From the records below, output exactly the lines running from the line containing "As pessoas que" through the line containing "Kůň, bronzová socha", and no others.

— Data for the task —
===

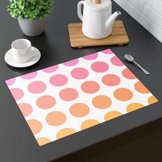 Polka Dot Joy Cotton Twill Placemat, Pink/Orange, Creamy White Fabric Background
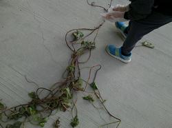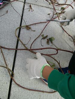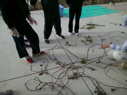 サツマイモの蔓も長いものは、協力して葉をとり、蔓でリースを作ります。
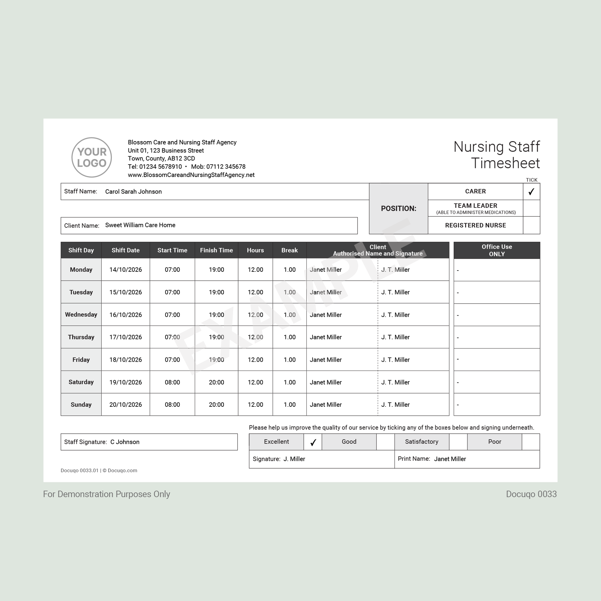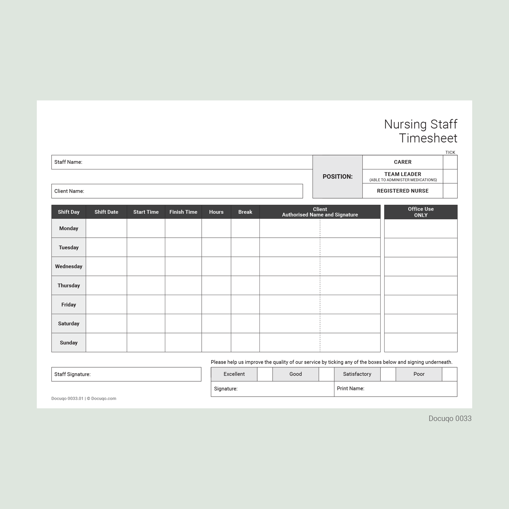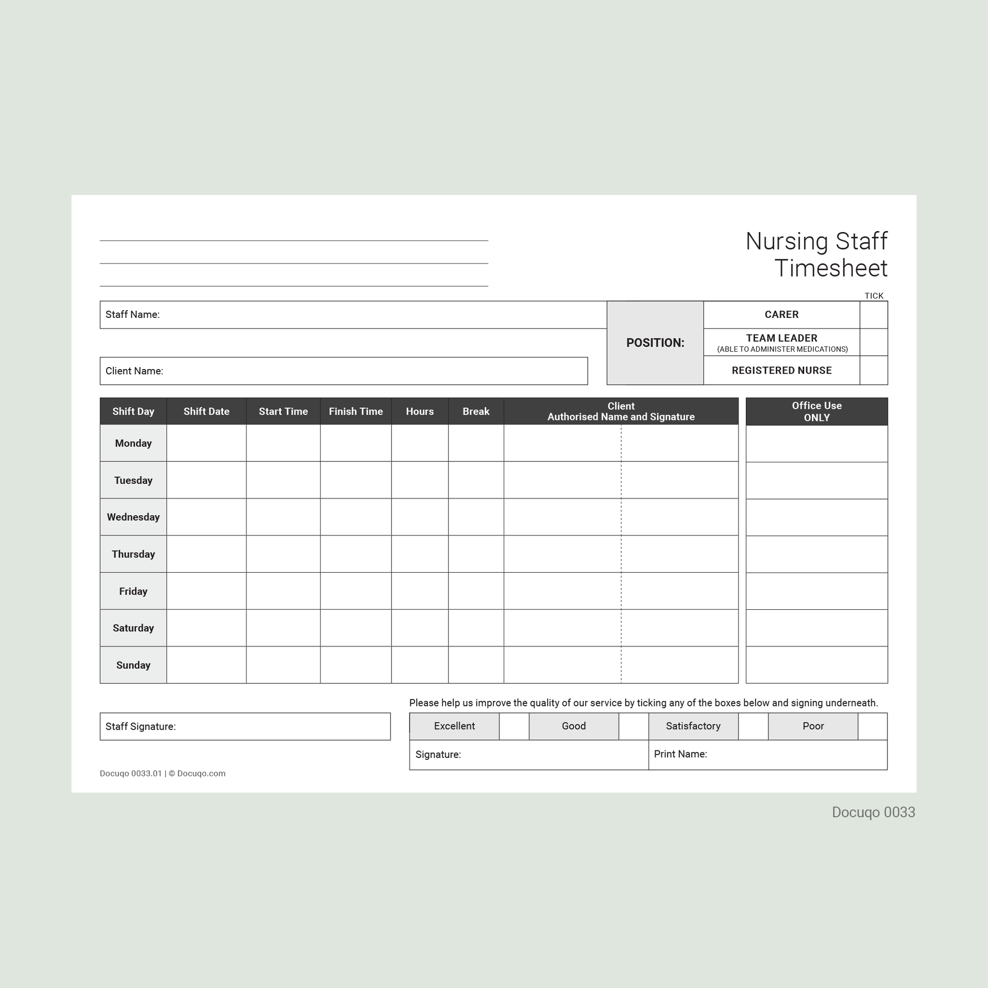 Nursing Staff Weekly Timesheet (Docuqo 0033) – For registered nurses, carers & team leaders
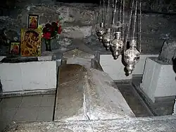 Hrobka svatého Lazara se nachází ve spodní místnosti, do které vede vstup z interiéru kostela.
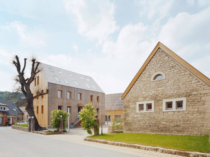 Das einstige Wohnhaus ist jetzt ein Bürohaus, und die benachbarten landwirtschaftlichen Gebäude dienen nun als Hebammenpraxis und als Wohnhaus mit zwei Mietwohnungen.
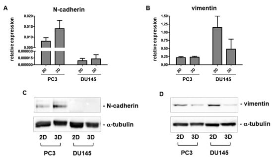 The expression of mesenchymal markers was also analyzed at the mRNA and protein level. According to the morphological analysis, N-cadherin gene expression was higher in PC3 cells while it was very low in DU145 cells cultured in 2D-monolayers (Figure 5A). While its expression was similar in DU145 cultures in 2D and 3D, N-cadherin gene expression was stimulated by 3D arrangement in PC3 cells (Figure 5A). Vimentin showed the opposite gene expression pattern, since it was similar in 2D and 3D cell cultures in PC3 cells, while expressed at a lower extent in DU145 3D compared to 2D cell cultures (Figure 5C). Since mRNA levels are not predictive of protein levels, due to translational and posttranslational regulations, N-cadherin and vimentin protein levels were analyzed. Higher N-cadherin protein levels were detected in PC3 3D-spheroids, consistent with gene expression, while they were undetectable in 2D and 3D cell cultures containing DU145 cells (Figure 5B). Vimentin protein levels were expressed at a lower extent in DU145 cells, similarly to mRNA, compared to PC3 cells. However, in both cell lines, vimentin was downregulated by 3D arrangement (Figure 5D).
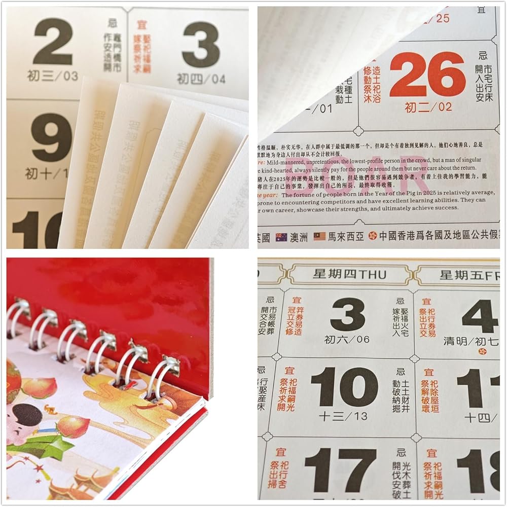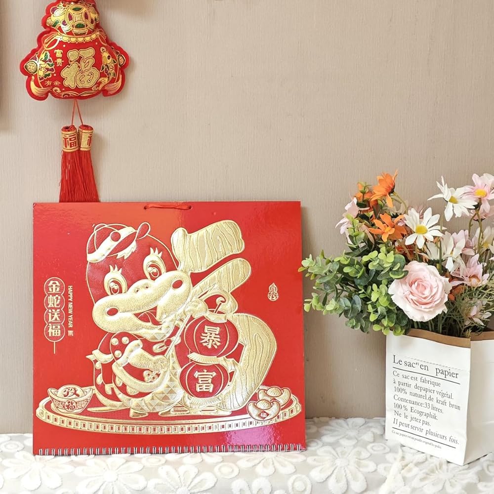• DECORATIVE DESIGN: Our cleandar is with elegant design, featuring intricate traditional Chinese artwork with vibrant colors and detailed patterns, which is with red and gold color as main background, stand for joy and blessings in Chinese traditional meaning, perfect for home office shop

===

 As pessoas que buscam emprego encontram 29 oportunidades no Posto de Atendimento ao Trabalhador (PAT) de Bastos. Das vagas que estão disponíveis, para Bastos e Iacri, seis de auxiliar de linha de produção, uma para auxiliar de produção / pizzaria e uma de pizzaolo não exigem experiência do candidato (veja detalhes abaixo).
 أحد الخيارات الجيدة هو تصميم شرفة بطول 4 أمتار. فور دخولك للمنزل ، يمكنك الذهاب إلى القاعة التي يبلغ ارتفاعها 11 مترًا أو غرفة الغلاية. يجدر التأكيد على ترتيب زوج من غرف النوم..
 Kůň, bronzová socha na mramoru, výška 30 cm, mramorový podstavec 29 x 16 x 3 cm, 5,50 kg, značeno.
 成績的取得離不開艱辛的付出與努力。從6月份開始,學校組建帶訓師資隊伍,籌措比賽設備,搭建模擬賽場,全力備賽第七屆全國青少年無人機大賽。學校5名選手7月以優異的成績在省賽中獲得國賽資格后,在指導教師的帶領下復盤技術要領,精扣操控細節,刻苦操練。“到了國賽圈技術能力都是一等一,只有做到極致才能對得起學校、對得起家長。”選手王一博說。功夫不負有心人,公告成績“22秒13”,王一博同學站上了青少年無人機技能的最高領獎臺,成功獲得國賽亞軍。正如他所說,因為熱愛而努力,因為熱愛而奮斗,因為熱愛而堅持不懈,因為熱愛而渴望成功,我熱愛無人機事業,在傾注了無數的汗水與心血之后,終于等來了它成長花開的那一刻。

===

— Task output —
 As pessoas que buscam emprego encontram 29 oportunidades no Posto de Atendimento ao Trabalhador (PAT) de Bastos. Das vagas que estão disponíveis, para Bastos e Iacri, seis de auxiliar de linha de produção, uma para auxiliar de produção / pizzaria e uma de pizzaolo não exigem experiência do candidato (veja detalhes abaixo).
 أحد الخيارات الجيدة هو تصميم شرفة بطول 4 أمتار. فور دخولك للمنزل ، يمكنك الذهاب إلى القاعة التي يبلغ ارتفاعها 11 مترًا أو غرفة الغلاية. يجدر التأكيد على ترتيب زوج من غرف النوم..
 Kůň, bronzová socha na mramoru, výška 30 cm, mramorový podstavec 29 x 16 x 3 cm, 5,50 kg, značeno.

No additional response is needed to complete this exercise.